Mindful walking techniques and tips
Remember, walking meditation doesn’t have to be complicated and doesn’t require careful planning. It’s about getting out and walking like you always do, but with a little more mindfulness and intention.
Here are Dr. Ho’s top tips for making walking meditation work for you:
- Walk slowly in a quiet and calm place.
- Focus on one sensation at a time. For example, focus on the sensation of your breathing or what you see while walking.
- Be aware of your surroundings and your judgments about what you are doing and thinking.
- Write down your thoughts about upcoming events, busyness, etc. for the rest of the day.
- When you notice difficult thoughts, try to let them go by instead focusing on the feeling of your feet touching the ground, the coolness of the wind on your skin, or other physical sensations.
- Continue this practice during your walk. Observe your sensations, observe your thoughts, let go of your thoughts, and focus on your surroundings.
overcome challenges
The main question people have when starting walking meditation is, “Am I doing it right?”

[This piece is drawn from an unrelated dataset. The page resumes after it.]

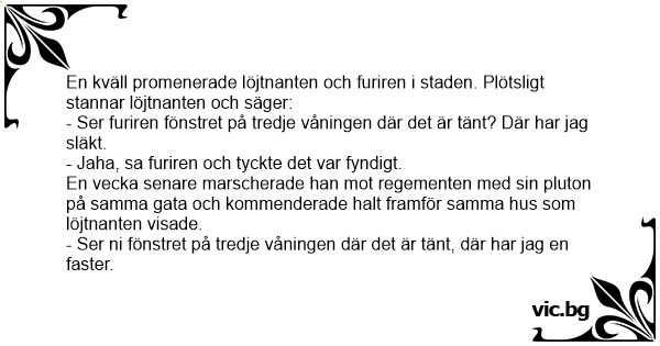 En kväll promenerade löjtnanten och furiren i staden. Plötsligt stannar löjtnanten och säger:
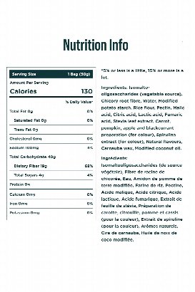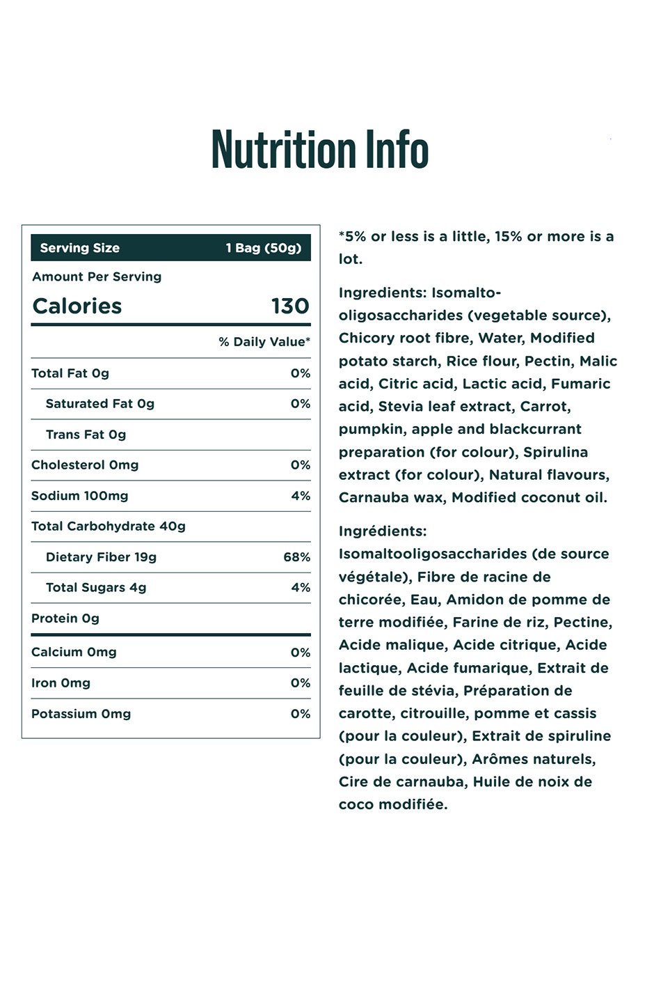 Isomalto-oligosaccharides (vegetable source), Chicory root fibre, Water, Modified potato starch, Rice flour, Pectin, Malic acid, Citric acid, Lactic acid, Fumaric acid, Stevia leaf extract, Carrot, pumpkin, apple and blackcurrant preparation (for colour), Spirulina extract (for colour), Natural flavours, Carnauba wax, Modified coconut oil.

Moore says this is very common, but she gives him permission to stop voicing the idea. “Let me be clear: as long as you go into meditation with the intention of being present, you’re doing the right thing,” she asserts.
So what can you do when those fears and doubts start to arise? Here’s Moore’s advice:
- Remember that learning new skills like meditation takes time and practice.
- Tell yourself that it’s okay to get lost in thought during your walking meditation.
- Just continue to gently bring your awareness back to the present moment.
- When in doubt, focus on your five senses: sight, smell, taste, hearing, and touch.
- Try not to criticize yourself when your mind wanders.
conclusion
According to Dr. Ho, the benefits of walking meditation are similar to meditation as a whole, and can help reduce stress and depression, improve sleep quality, and even improve health conditions such as high blood pressure and chronic pain.
Most importantly, if you are just starting walking meditation, try not to worry about whether you are doing it correctly or whether it is effective. Incorporating walking meditation is something almost anyone can do. It’s all about getting out there, putting one foot in front of the other, and trying to be aware of the present moment and what I’m experiencing.
“Understand that the purpose of meditation is not to clear your mind,” says Dr. Ho. “The real goal is to be able to observe and notice the thoughts that enter and exit your mind without judgment.”